Given the high opportunity cost of teaching cataract surgery in the operating room, it is necessary to develop other ways that residents can gain practice with the procedure outside of the operating room. For instance, virtual reality simulation training has been shown to decrease operative times in learners. Third-year residents learning phacoemulsification who underwent mandatory virtual cataract surgery simulator surgical training in their second year of residency before starting intraocular surgeries had significantly decreased operative times compared to non-simulator trained peers.14 In addition, virtual reality simulation training has been shown to decrease the errors that learners make while performing cataract surgery. Residents who were trained to perform scleral tunnel construction using a simulation-based curriculum performed fewer errors in their first twenty attempts at tunnel construction compared to those trained with a conventional institution-specific curriculum.15 Prior research shows resident surgeons take longer to learn and perform a subset of steps in cataract surgery.16 Targeted training to competence with different steps in the procedure, either through simulation or feedback could lead to development of novel and optimized training curricula.

In addition, other ways to compensate and motivate educators are needed. The development of an academic RVU system has previously been described in radiology to assess productivity in various academic activities including teaching.17 When educational value units were integrated with incentives in an academic emergency medicine department, there were significant increases in faculty educational contributions.18 The educational value unit has also been used as a metric to distribute university funds to support faculty efforts in education.19 In a busy academic environment where faculty have clinical and research responsibilities in addition to teaching responsibilities, it is important to continue promoting education. In fact, there are other aspects of opportunity cost for the attending surgeon, including time that could have been used to conduct research and emotional trauma from dealing with possible resident complications.

Finally, there were fewer cases in 2020 due to the impact of COVID-19 on surgical volume. Within ophthalmology, an international survey found that the vast majority of residents reported a >75% decrease of surgical activity during the pandemic.20 Decreased surgical volume has also been reported in numerous other surgical sub-specialties due to COVID-19.21

Our dataset was retrospectively captured, which may have introduced coding or data entry errors. We did not analyze the level of training of the resident surgeon and the extent of their involvement in each procedure, ie, what steps the resident surgeon performed. The analysis did not consider other opportunity costs, such as managing complications of residents’ surgeries. Our study was limited to data at a single eye institution, which may limit generalizability. There were fewer cases in 2020 due to the impact of COVID-19 on surgical volume. Both attending cases with and without resident involved decreased that year, limiting the number of cases for our analysis.

Conclusion

Teaching cataract surgery in the operating room is associated with a considerable opportunity cost for attending surgeons. Our findings emphasize the need for novel approaches to resident training to optimize costs and provide a metric to evaluate their effectiveness.

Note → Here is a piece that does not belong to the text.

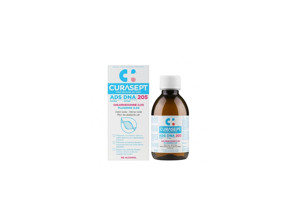 CURASEPT ADS 205, ústní voda Curasept, chlorhexidin ústní voda, fluorid ústní voda, péče o ústní dutinu, ústní hygiena, ústní voda na dásně, ústní voda po zákrocích, ústní voda při implantátech, ústní voda bez předpisu

Future studies may also estimate the opportunity cost to attending surgeons of teaching residents other types of ophthalmic surgery in the operating room.

Acknowledgments

We would like to acknowledge Jing Tian from the Wilmer Biostatistics Core for her assistance with statistical analyses.

Funding

This study was supported by grant P30EY01765 (Wilmer Biostatistics Core Grant) from the National Eye Institute, Bethesda, Maryland. Drs. Sikder and Vedula are supported by the National Eye Institute of the National Institutes of Health under award number 1R01EY033065. The content is solely the responsibility of the authors and does not necessarily represent the official views of the National Institutes of Health.

Disclosure

The authors report no conflicts of interest in this work.